**THE TASK**: The data below should be restated word for word, with every picture omitted.

--- RAW DATA ---

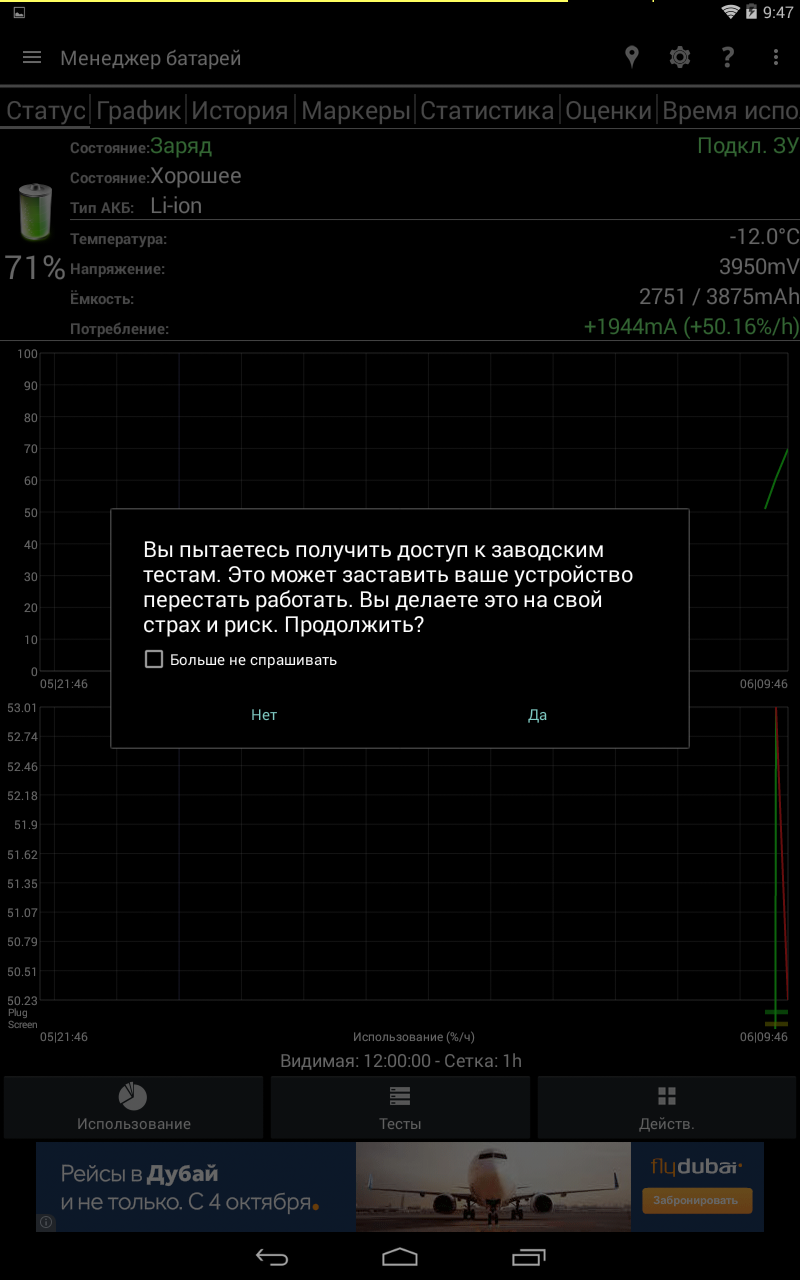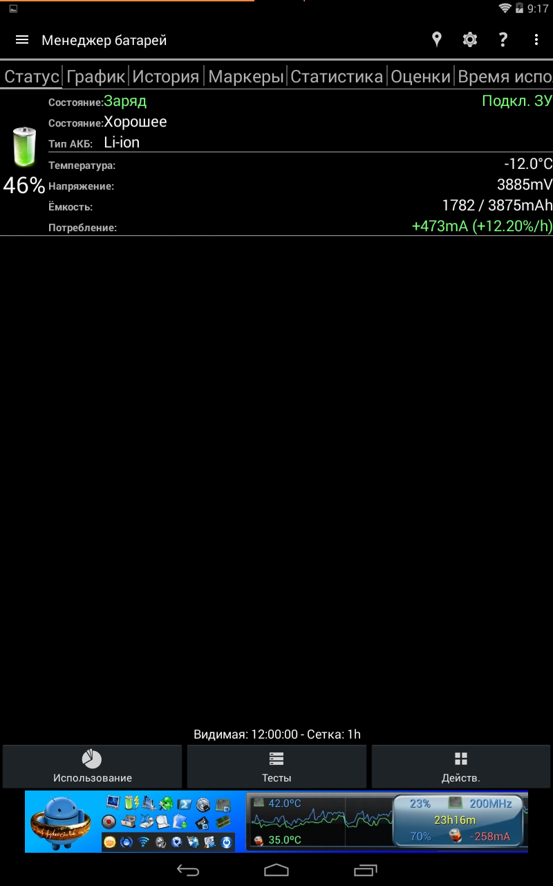 «Калибровка» аккумулятора опять-таки бесполезна без pro-версии, так как предусматривает ручную установку емкости батареи. Разве, что можно посмотреть историю циклов зарядки (но только при 50% минимального заряда).
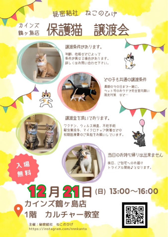 • 【秘密結社ねこのひげ♡保護猫譲渡会】 12/21(日) 13:00~16:00 埼玉県鶴ヶ島市三ツ木新町1-1-13 カインズ鶴ヶ島店1F カルチャー教室 にて保護猫譲渡会を開催します♪ 初期医療を済ませた仔猫たちの大祭! が続いています☆ 脳内はまだまだ仔猫やでー! なオトナ猫も元気いっぱい参加します♪ ずっとのご家族さまと 愛し愛されな 両想いになれますように♡ 家族にするなら保護猫だべ♪♪ 新しい家族と笑顔で暮らしたい♪ という方は是非会いにいらしてください♡ ご不明な点がございましたら Instagram @nnnkanto DMにてお問い合わせ下さい☆
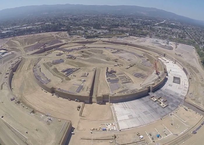 Mettre un drone pour filmer le site a été l’un des moyens de contourner les contrôles assez rigides d’Apple sur le site, qui a vu la fermeture des trottoirs, et ériger des murs autour de l’ensemble du site pour empêcher les regards indiscrets à zieuter ce que va être le futur campus.

---

**EXERCISE RESPONSE**:
 «Калибровка» аккумулятора опять-таки бесполезна без pro-версии, так как предусматривает ручную установку емкости батареи. Разве, что можно посмотреть историю циклов зарядки (но только при 50% минимального заряда).
 • 【秘密結社ねこのひげ♡保護猫譲渡会】 12/21(日) 13:00~16:00 埼玉県鶴ヶ島市三ツ木新町1-1-13 カインズ鶴ヶ島店1F カルチャー教室 にて保護猫譲渡会を開催します♪ 初期医療を済ませた仔猫たちの大祭! が続いています☆ 脳内はまだまだ仔猫やでー! なオトナ猫も元気いっぱい参加します♪ ずっとのご家族さまと 愛し愛されな 両想いになれますように♡ 家族にするなら保護猫だべ♪♪ 新しい家族と笑顔で暮らしたい♪ という方は是非会いにいらしてください♡ ご不明な点がございましたら Instagram @nnnkanto DMにてお問い合わせ下さい☆
 Mettre un drone pour filmer le site a été l’un des moyens de contourner les contrôles assez rigides d’Apple sur le site, qui a vu la fermeture des trottoirs, et ériger des murs autour de l’ensemble du site pour empêcher les regards indiscrets à zieuter ce que va être le futur campus.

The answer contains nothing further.